**Work task:** All lines in the records below from the line with "同じような平行ラインを取り入れた同シリーズのバングルやピアスもございます。" through the line with "在激昂庄严的国歌声中,开学典礼隆重开幕。" are to be given again exactly, both ends included; the pictures are to be left out.

**Data to examine:**

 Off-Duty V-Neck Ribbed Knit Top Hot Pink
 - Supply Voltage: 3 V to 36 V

* * *

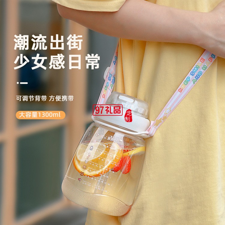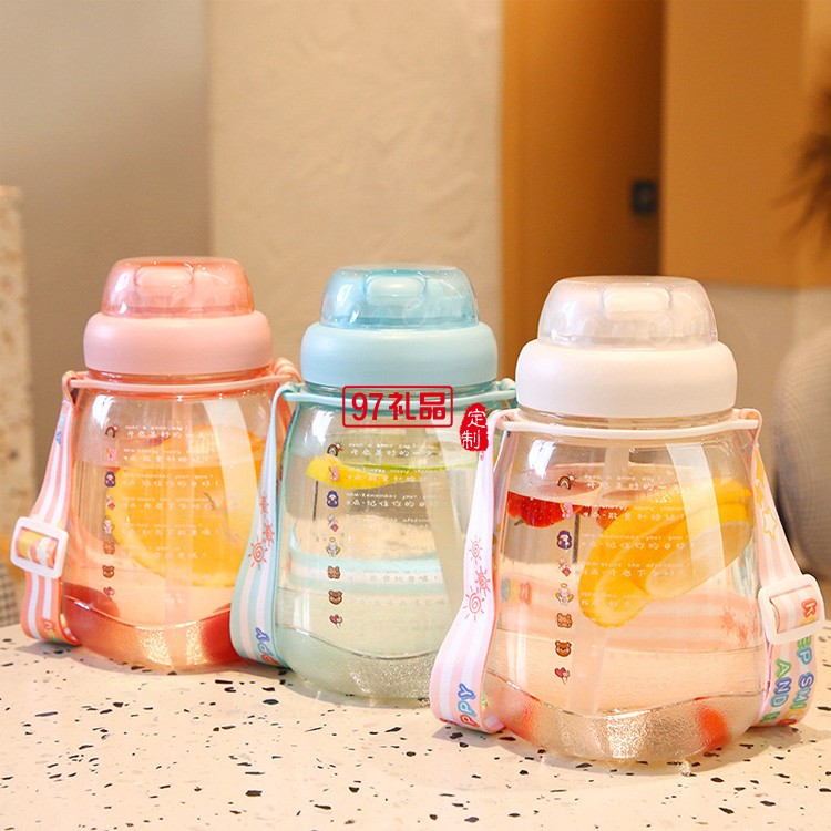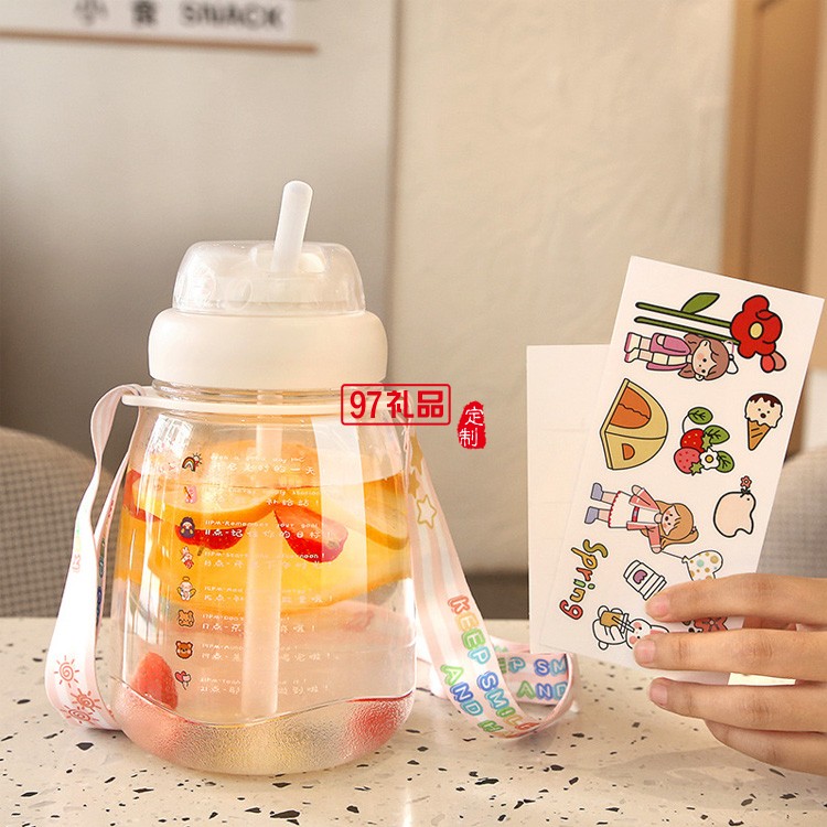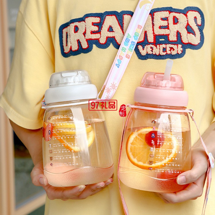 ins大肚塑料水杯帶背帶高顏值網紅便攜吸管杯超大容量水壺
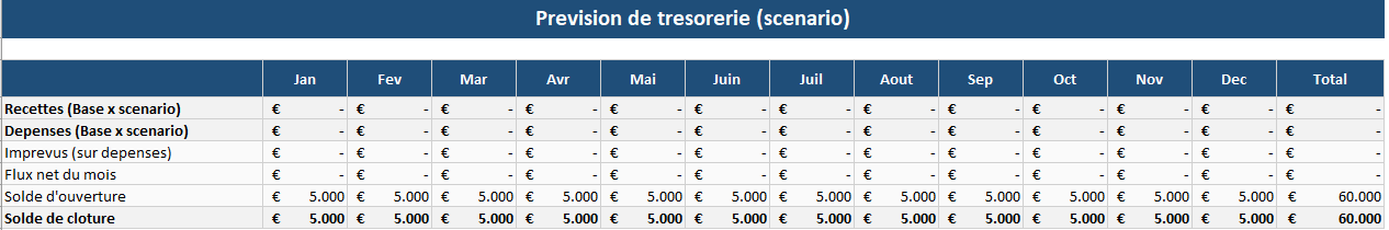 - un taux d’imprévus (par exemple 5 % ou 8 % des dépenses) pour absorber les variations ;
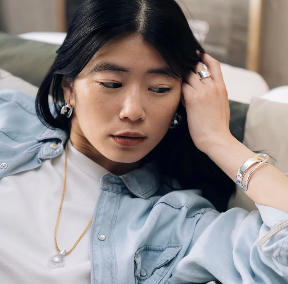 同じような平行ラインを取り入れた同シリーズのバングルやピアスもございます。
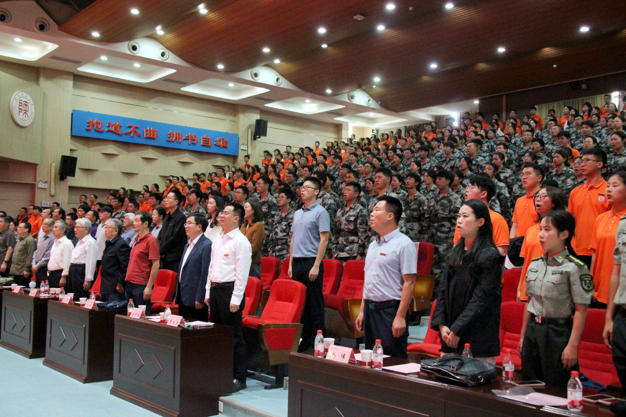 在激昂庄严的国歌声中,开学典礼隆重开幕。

**Exercise solution:**
 同じような平行ラインを取り入れた同シリーズのバングルやピアスもございます。
 在激昂庄严的国歌声中,开学典礼隆重开幕。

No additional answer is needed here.